One in three of 48.1 million pregnancies in India ended in an abortion, according to the country’s first large-scale study on abortions and unintended pregnancies that accounted for 2015 data.

The country recorded around 15.6 million abortions in 2015, reports the study published in The Lancet.

Close to half, or 48%, of pregnancies were unintended and 0.8 million women used unsafe methods for an abortion, putting their health and lives at risk.

Using abortion pills was the most popular method, which made up 12.7 million or 81% of all abortions, followed by 2.2 million surgical terminations of pregnancy.

Around 22% or 3.4 million abortions were done in public health facilities. But 11.5 million or 73% were medication abortions done outside health facilities and 0.8 million were conducted by informal providers.

“Our estimate of 3.4 million public facility-based abortions in 2015 is nearly five times the number reported to the government in 2014-15 (701,415 abortions) because we included data from public, private and nongovernment organisations,” said Chander Shekhar, co-author of the study and professor at the department of fertility studies, International Institute of Population Studies, Mumbai.

Shekhar held out hope over the fact that one in four women in India chooses public facilities for safe abortions.

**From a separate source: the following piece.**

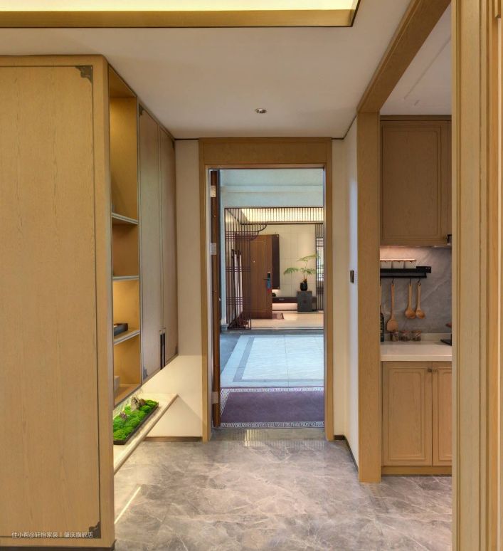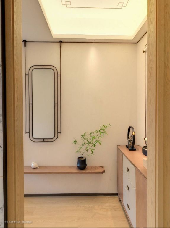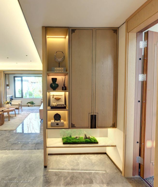 本案玄关在进门的右侧打造了一个新中式风的玄关柜,造型简约,博古通今,呈现出古典优雅的艺术韵味和现代简约的美感来。 悬浮的原木色玄关柜由展示柜+收纳柜组合而成,增加空间的储物量,收纳柜掩门边角的祥云设计,把传统文化掺入现代设计元素,以简练流畅的线条勾勒出一个素雅宁静的玄关空间。

This “will make it possible to expand services at little added cost by training nurses and other healthcare providers and equipping public facilities with necessary equipment and supplies for surgical and medical methods of abortion”, Shekhar said.

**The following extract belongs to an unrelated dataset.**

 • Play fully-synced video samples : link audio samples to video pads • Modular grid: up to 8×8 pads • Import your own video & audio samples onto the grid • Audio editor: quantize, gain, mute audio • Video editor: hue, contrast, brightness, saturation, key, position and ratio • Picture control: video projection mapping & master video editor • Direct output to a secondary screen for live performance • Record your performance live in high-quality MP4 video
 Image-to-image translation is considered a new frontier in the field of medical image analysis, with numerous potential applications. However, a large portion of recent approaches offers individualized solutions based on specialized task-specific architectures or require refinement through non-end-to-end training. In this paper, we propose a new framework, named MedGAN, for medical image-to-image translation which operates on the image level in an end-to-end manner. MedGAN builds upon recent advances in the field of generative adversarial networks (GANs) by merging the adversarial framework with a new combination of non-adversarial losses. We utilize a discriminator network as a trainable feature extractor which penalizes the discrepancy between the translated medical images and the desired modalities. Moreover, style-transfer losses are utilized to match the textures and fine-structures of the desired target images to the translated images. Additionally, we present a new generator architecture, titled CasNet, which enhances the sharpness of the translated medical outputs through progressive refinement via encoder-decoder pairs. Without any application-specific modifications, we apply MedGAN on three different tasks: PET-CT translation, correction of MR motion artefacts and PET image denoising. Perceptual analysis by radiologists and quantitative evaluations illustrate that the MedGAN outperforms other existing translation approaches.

The country’s abortion rate of 47 per 1,000 women aged between 15 and 49 years is lower than Pakistan’s 50 and higher than Nepal and Bangladesh, whose figures are 42 and 39 respectively.

India has a strict anti-abortion law that prohibits termination of foetuses above 20 weeks, except when the mother’s life is at risk.

Surgical abortion can be done only by trained, certified doctors in registered facilities, while pills to abort foetuses up to seven weeks old can be prescribed outside registered hospitals.

Medical methods using WHO recommended combinations of mifepristone and misoprostol account for four in five abortions in India.

“These methods are safe and effective when used in accord- ance with WHO guidelines, which make a strong case for expanding the medical provider base for prescribing abortion within a certain number of weeks and ensuring there is referral, if needed,” said Anjali Nayyar, executive vice president with Global Health Strategies.

The draft bill for the Medical Termination of Pregnancy Act, 2014, proposes relaxing the upper limit of legal abortion from 20 to 24 weeks for “vulnerable” groups and permitting trained healthcare personnel, including midwives and Ayush doctors, to offer medical methods of abortion for pregnancies up to seven weeks.

Absence of safe, legal abortion services force women to seek help from untrained pharmacists, chemists and informal vendors.

“The study indicates there is need for improved contraception services to help couples prevent unplanned pregnancies,” Nayyar said.